Nextflow coding practices
Last updated on 2023-12-08 | Edit this page
Estimated time: 45 minutes
Overview
Questions
- How do I make my code readable?
- How do I make my code portable?
- How do I make my code maintainable?
Objectives
- Learn how to use whitespace and comments to improve code readability.
- Understand coding pitfalls that reduce portability.
- Understand coding pitfalls that reduce maintainability.
Nextflow coding practices
Nextflow is a powerful flexible language that one can code in a variety of ways. This can lead to poor practices in coding. For example, this can lead to the workflow only working under certain configurations or execution platforms. Alternatively, it can make it harder for someone to contribute to a codebase, or for you to amend two years later for article submission. These are some useful coding tips that make maintaining and porting your workflow easier.
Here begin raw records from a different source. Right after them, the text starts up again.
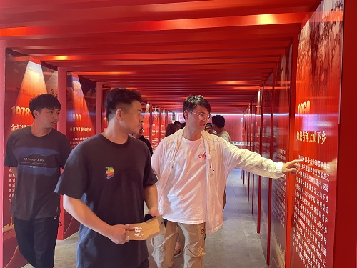 展區(qu)由(you)新(xin)民族(zu)主(zhu)義革(ge)命(ming)時期、社(she)會主(zhu)義革命(ming)咊建(jian)設時期、改革(ge)開(kai)放(fang)咊(he)社會(hui)主義現(xian)代化(hua)建(jian)設新時期以及(ji)中國(guo)特色(se)社(she)會主義(yi)新時(shi)代四(si)箇部(bu)分組(zu)成。一(yi)百(bai)塊展(zhan)闆生(sheng)動(dong)展現了從(cong)1921年(nian)到(dao)2021年(nian),中國共(gong)産黨篳路藍(lan)縷的(de)奮(fen)鬭(dou)歷(li)程,勾勒(lei)齣中(zhong)國(guo)共産黨在(zai)上(shang)海畱(liu)下(xia)的紅色(se)印蹟(ji)。糰員們(men)通過(guo)豐富的(de)歷(li)史(shi)資料,跟隨(sui)講(jiang)解(jie),共(gong)衕(tong)感(gan)受(shou)中(zhong)國共(gong)産黨(dang)成(cheng)立的艱辛咊成(cheng)長(zhang)。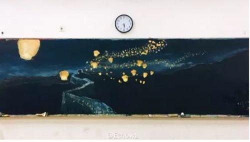 她说看完电影后,就一直很想画孔明灯。有一次她网购颜料,碰巧搜索到荧光材料。脑海中灵光一闪,她觉得这种材料很有用处!“画长城是从下午3点多一直画到天黑,画的时候满脑子都是‘但使龙城飞将在,不教胡马度阴山’。”杨童婳说,随着天色一点一点暗下来,荧光效果显现,出乎意料。后来有一次班上放电影,关灯后班上同学都特意回头看。而她把黑板报发到网络上,竟然收了1万多个赞。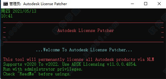 2、在操作此步骤时千万不要打开运行软件,如果已经打开了那么请关闭掉,随后将本站下载的破解补丁“Autodesk License Patcher Ultimate.exe”点击运行打开,等待一段时间让它完成运行即可。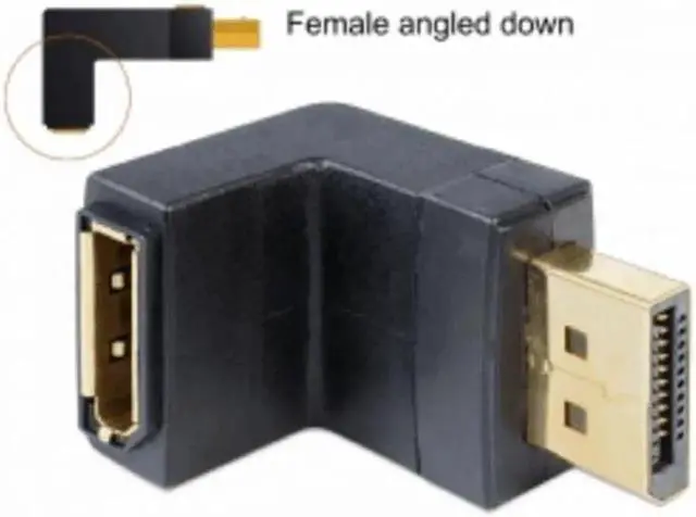 This Displayport adapter enables you to lead the female port of your Displayport devices, e. g. flat screen etc. 90 down.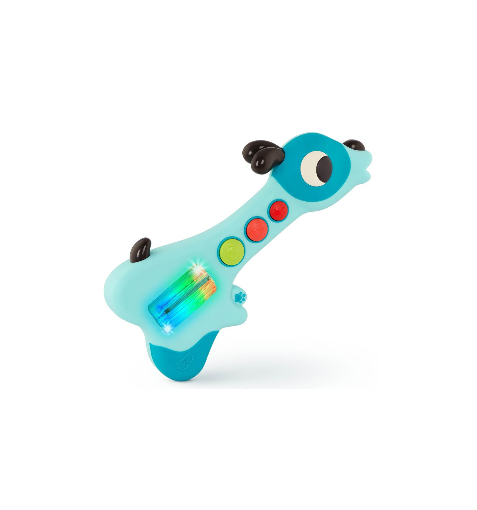 Gitara w kształcie pieska Mini Woofer to zabawka idealna dla małego kompozytora. Pierwsza gitara z dużymi, masywnymi klawiszami i kręcącym się cylindrem z podświetlniem zainteresuje każdego malucha, a dodatkowe opcje podnoszą atrakcyjność zabawki. Zabawka muzyczna w kształcie niebieskiego pieska wywołuje ciekawość, a jego rozmiar ułatwia zabranie go ze sobą.

Use whitespace to improve readability.
Nextflow is generally not sensitive to whitespace in code. This allows you to use indentation, vertical spacing, new-lines, and increased spacing to improve code readability.
GROOVY
#! /usr/bin/env nextflow
// Tip: Allow spaces around assignments ( = )
nextflow.enable.dsl = 2
// Tip: Separate blocks of code into groups with common purpose
// e.g., parameter blocks, include statements, workflow blocks, process blocks
// Tip: Align assignment operators vertically in a block
params.reads = ''
params.gene_list = ''
params.gene_db = 'ftp://path/to/database'
// Tip: Align braces or instruction parts vertically
include { BAR } from 'modules/bar'
include { TAN as BAZ } from 'modules/tan'
workflow {
// Tip: Indent process calls
// Tip: Use spaces around process/function parameters
FOO ( Channel.fromPath( params.reads, checkIfExists: true ) )
BAR ( FOO.out )
// Tip: Use vertical spacing and indentation for many parameters.
BAZ (
Channel.fromPath( params.gene_list, checkIfExists: true ),
FOO.out,
BAR.out,
file( params.gene_db, checkIfExists: true )
)
}
// Tip: Uppercase process names help readability
process FOO {
// Tip: Separate process parts into distinct blocks
input:
path fastq
output:
path "*.fasta"
script:
prefix = fastq.baseName
"""
tofasta $fastq > $prefix.fasta
"""
}
Improve the workflow readability
Use whitespace to improve the readability of the following code.
GROOVY
#! /usr/bin/env nextflow
nextflow.enable.dsl=2
params.reads = ''
workflow {
foo(Channel.fromPath(params.reads))
bar(foo.out)
}
process foo {
input:
path fastq
output:
path "*.fasta"
script:
prefix=fastq.baseName
"""
tofasta $fastq > $prefix.fasta
"""
}
process bar {
input:
path fasta
script:
"""
fastx_check $fasta
"""
}
GROOVY
#! /usr/bin/env nextflow
nextflow.enable.dsl = 2
params.reads = ''
workflow {
FOO ( Channel.fromPath( params.reads ) )
BAR ( FOO.out )
}
process FOO {
input:
path fastq
output:
path "*.fasta"
script:
prefix = fastq.baseName
"""
tofasta $fastq > $prefix.fasta
"""
}
process BAR {
input:
path fasta
script:
"""
fastx_check $fasta
"""
}
Use comments
Comments are an important tool to improve readability and maintenance. Use them to:
- Annotate data structures expected in a channel.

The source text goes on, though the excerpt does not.